» **Instructions to follow**: A verbatim reproduction of the lines below, from the line containing "1. The boundaries" through the line containing "- MADE WITH", both ends included, is the whole required output.

» **Dataset entries**:

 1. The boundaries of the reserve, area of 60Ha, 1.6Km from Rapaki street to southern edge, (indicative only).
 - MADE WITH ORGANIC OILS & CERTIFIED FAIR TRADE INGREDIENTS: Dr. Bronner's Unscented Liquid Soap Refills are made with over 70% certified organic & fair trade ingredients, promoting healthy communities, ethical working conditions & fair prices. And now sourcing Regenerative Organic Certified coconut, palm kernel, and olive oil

---

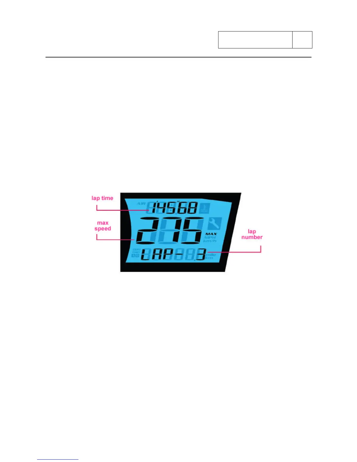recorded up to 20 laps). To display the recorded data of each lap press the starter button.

--

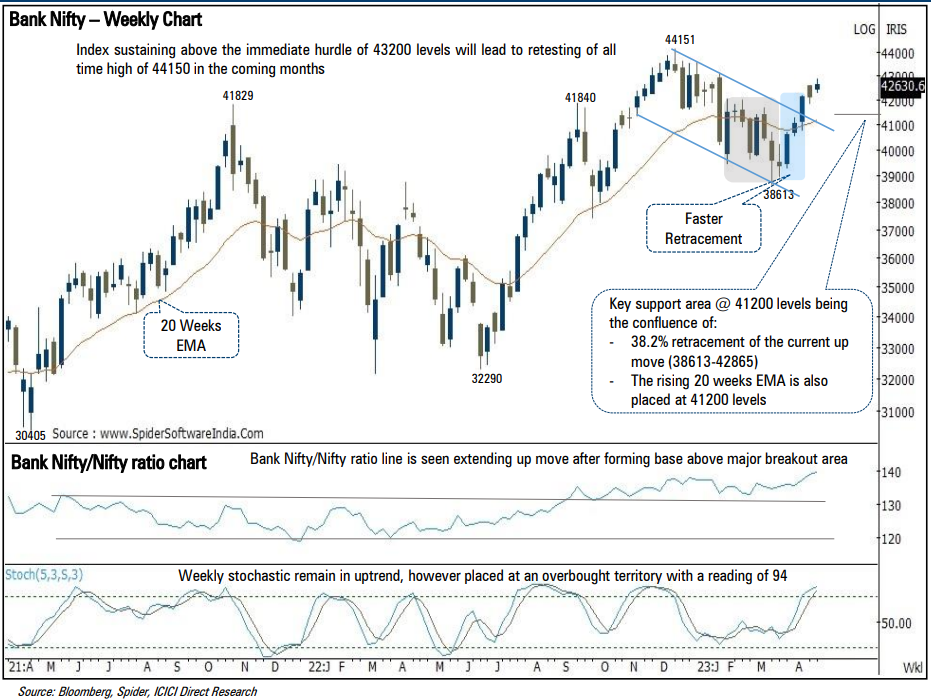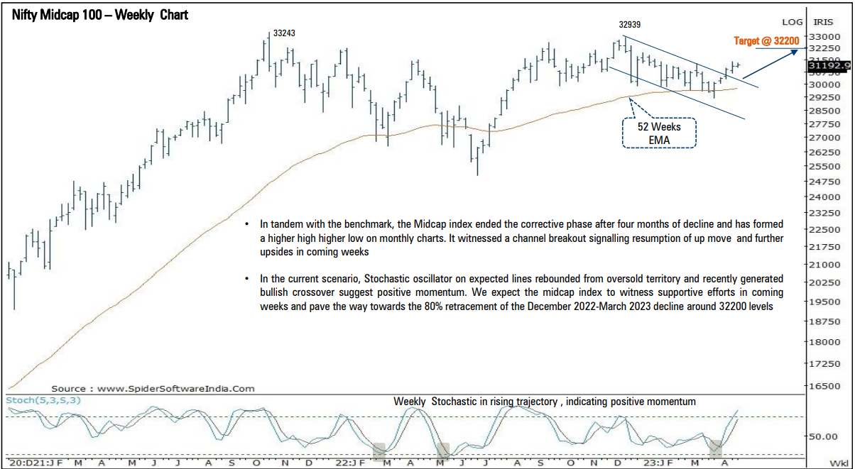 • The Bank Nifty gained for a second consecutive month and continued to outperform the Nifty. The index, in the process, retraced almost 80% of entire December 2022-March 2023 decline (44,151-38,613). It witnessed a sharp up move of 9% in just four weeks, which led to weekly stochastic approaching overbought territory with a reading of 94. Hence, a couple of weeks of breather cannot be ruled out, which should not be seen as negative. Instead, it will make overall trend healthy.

» **Answer to this task**:
 1. The boundaries of the reserve, area of 60Ha, 1.6Km from Rapaki street to southern edge, (indicative only).
 - MADE WITH ORGANIC OILS & CERTIFIED FAIR TRADE INGREDIENTS: Dr. Bronner's Unscented Liquid Soap Refills are made with over 70% certified organic & fair trade ingredients, promoting healthy communities, ethical working conditions & fair prices. And now sourcing Regenerative Organic Certified coconut, palm kernel, and olive oil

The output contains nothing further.